J'interromps d'un cri son flot de parole presque hystérique, prenant son visage baigné de larmes entre mes mains. Mes yeux sont tout autant embués que les siens.
-Maman... stop... arrête toi s'il te plait... tout ça, c'est fini. Tu n'es coupable... de rien du tout. Tout comme je l'ai dit à Diana, maman... tu ne peux pas être coupable de quelque chose que tu n'as pas fait. Si tu avais voulu me parler, je ne t'aurais pas écouté. Et d'ailleurs, même quant tu as essayé, je t'ai ignorée. Tu n'es pas la seule à blâmer, mais il n'y a qu'un seul et unique coupable, Maman. Et il s'appelle Robin.

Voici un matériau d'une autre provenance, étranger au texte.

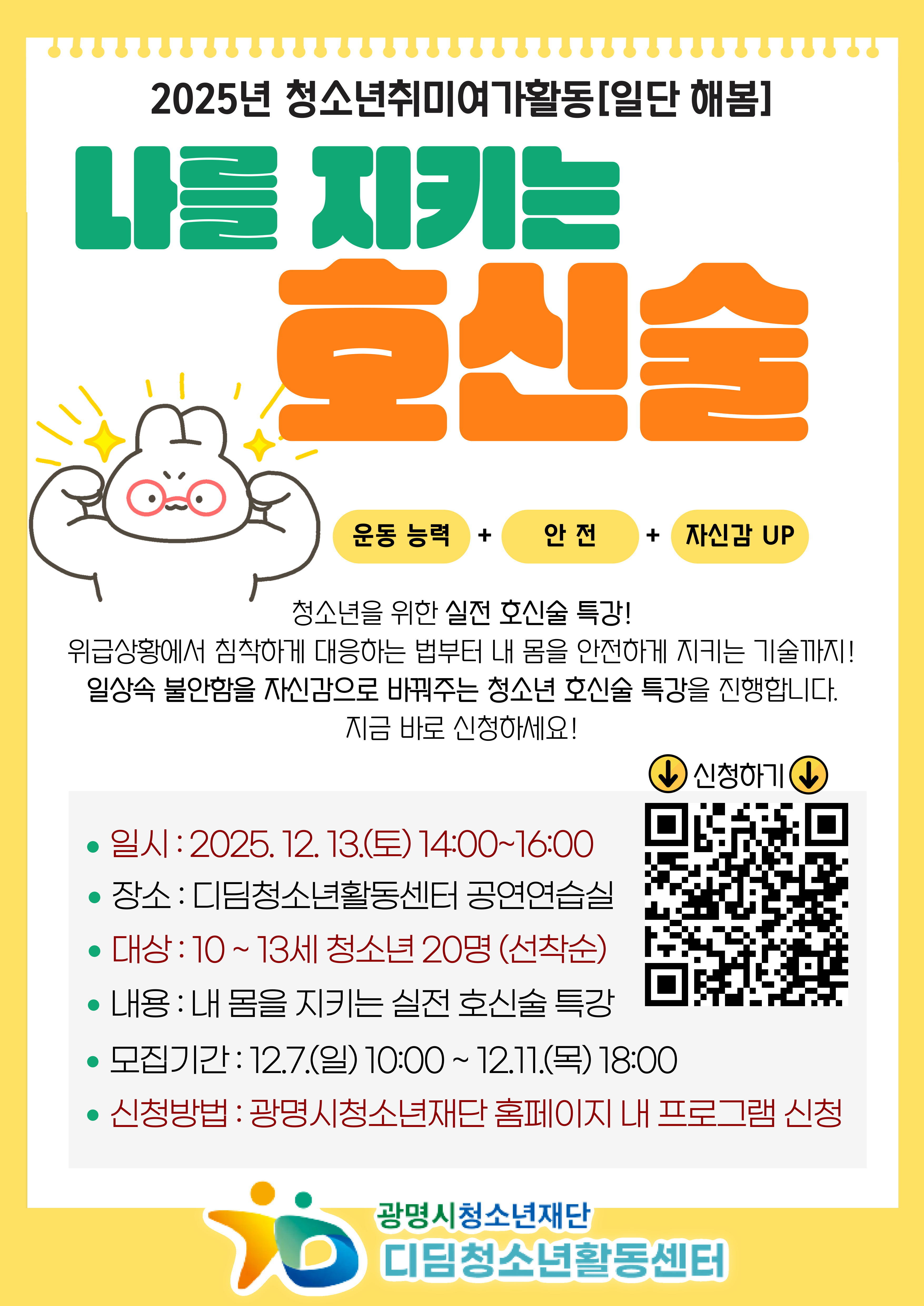| 2025년 청소년취미여가활동 「나를 지키는 호신술」 참가자 모집 | |

Elle hoche doucement la tête alors que je la prends dans mes bras. Nous restons ainsi immobile pendant un long moment, à sangloter silencieusement sur tout et sur rien... profitant simplement de cette distance enfin éliminée, de cette glace si solide enfin brisée en mille morceau.
-Il s'appelle Robin... murmure-t-elle finalement. Il est entre les mains de la police, et je vais me faire un plaisir de l'envoyer aux fers pour le restant de ses jours.